Lexicography and Samuel Johnson's House of Words to Be Brought to Life

17 April 2023

Trinity Lecturer in English Lynda Mugglestone will be undertaking a knowledge exchange project to create a permanent exhibition for Samuel Johnson’s Dictionary in the London house where he composed it.

Beginning in August 2023, the TORCH Knowledge Exchange project ‘Rethinking Johnson’s House of Words’ will invite new forms of engagement with the idea of ‘garret lexicography’ and the life of the harmless drudge. Professor Mugglestone’s project will be based at 17 Gough Square, London, in the garret of which Samuel Johnson, along with six amanuenses (and a revolutionary reading project) slowly composed his iconic Dictionary, by hand, between the late 1740s and 1755.

A new permanent exhibition will, in particular,  refocus the garret as the birthplace of a book of international significance, getting behind the print text to explore its hands-on making, and reuniting dispersed evidence of Johnson's preliminary work with its original home.

While Johnson’s work on English is often described as monumental, colossus-like, or compared to St Paul’s Cathedral, the garret is a reminder of the realities of production. The Dictionary paid the rent, courtesy of advance payments from Johnson’s publishers. His printer lived across the square, sending paper, proofs, and demands for both copy and compression.

Professor Mugglestone notes of the project: ‘On one hand, seen in heritage and historical terms, the garret is a unique space – a rare survival of a place where we can locate earlier dictionary-making in situ.
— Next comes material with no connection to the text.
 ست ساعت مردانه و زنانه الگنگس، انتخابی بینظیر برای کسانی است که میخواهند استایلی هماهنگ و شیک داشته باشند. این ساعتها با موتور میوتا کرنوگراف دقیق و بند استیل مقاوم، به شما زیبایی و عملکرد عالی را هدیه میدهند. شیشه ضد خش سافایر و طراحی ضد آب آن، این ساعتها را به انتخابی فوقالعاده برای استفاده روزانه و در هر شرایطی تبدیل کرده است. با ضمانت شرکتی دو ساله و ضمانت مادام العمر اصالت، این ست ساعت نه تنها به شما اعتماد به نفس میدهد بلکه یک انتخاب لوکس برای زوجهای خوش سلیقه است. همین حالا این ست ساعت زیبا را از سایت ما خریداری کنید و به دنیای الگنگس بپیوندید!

On the other, the modern visitor to Johnson’s House will find the garret sadly anti-climactic – a few reminders of dictionary-making stand in a corner, alongside dressing-up and memories of the blitz.

‘The project will invite us, on a range of levels, to reconsider what it really meant to 'define your world' in the liminal territories of a historic house, while documenting the garret as a collaborative space, bound in critical ways to the challenging life of Grub Street and the professional writer.’

The project has links to Trinity College’s own history as well – not least in Johnson’s lengthy visit to Oxford in 1754 where he stayed in Kettell Hall, working on the history and preface in the final summer before the Dictionary’s completion, courtesy of his friendship with the poet and writer Thomas Warton.